“Tutta la grande letteratura è una di due storie: un uomo intraprende un viaggio o uno straniero arriva in città”. In questa breve frase, presumibilmente scritta alla fine dell’Ottocento, Lev Tolstoj riassume una legge universale e senza tempo: le storie, tutte le storie, personali e comunitarie, iniziano con uno spostamento, con il viaggio verso un altrove o con l’arrivo da un altrove. In sintesi, con un passaggio di confine. Dall’illuminante aforisma di Tolstoj nasce l’ispirazione per il secondo numero di humus®, ‘Passaggi di confine’, che indaga le risposte contemporanee ai continui sconfinamenti che ciascuno di noi sperimenta, ricerca, a volte subisce.

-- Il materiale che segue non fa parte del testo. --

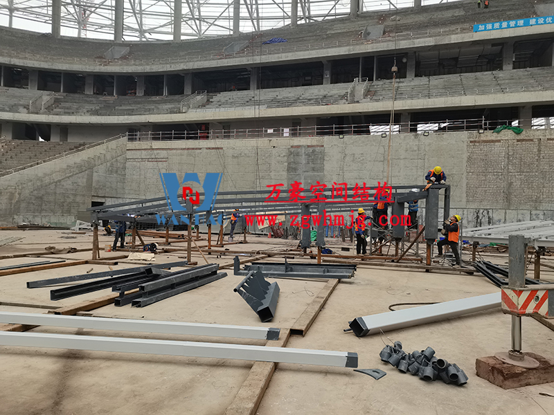 目前,項(xiàng)目屋面鋼結(jié)構(gòu)完成,屋面正在安裝膜結(jié)構(gòu),內(nèi)環(huán)鋼結(jié)構(gòu)施工30%,立面鋼結(jié)構(gòu)完成28%。

Le dinamiche multiculturali non appartengono solo al tempo presente, anche se a volte tendiamo a dimenticarcene; ma è innegabile che l’incremento della mobilità globale abbia esponenzialmente accresciuto il fenomeno delle migrazioni, tanto da posizionarlo, insieme alla rivoluzione digitale, tra i fattori determinativi della nostra epoca. Qualcosa da cui, insomma, è impossibile – e utopico – prescindere. Così humus® ha chiesto ad Agostino Portera, Ph.D. e professore di Pedagogia interculturale, autore di un interessante libro con il grande sociologo Zygmunt Bauman (Education and Intercultural Identity, Routledge 2021), di illustrare nella sezione Focus On le ragioni per cui saper convivere tra diverse culture sarà il vero super-potere dei prossimi decenni.
Le modalità di questa convivenza non sono scontate; anzi, sono tutte da inventare. Per questa ragione abbiamo interpellato chi, tra progettisti e designer, artisti e fotografi, ha improntato la propria vicenda professionale e umana sul passaggio di confini: tra gli altri, l’architetto burkinabé e tedesco Francis Kéré, Pritzker Prize 2022, il cui progetto dell’Unesco Virtual Museum of Stolen Cultural Objects verrà avviato il prossimo autunno: il designer nigeriano Nifemi Marcus-Bello, in questi mesi con la sua stazione lavamani portatile For the Community by the Community in mostra al MoMA di New York; lo studio TAMassociati di Venezia, che lavora in luoghi critici come Betlemme, imparando ogni giorno a operare con l’essenziale.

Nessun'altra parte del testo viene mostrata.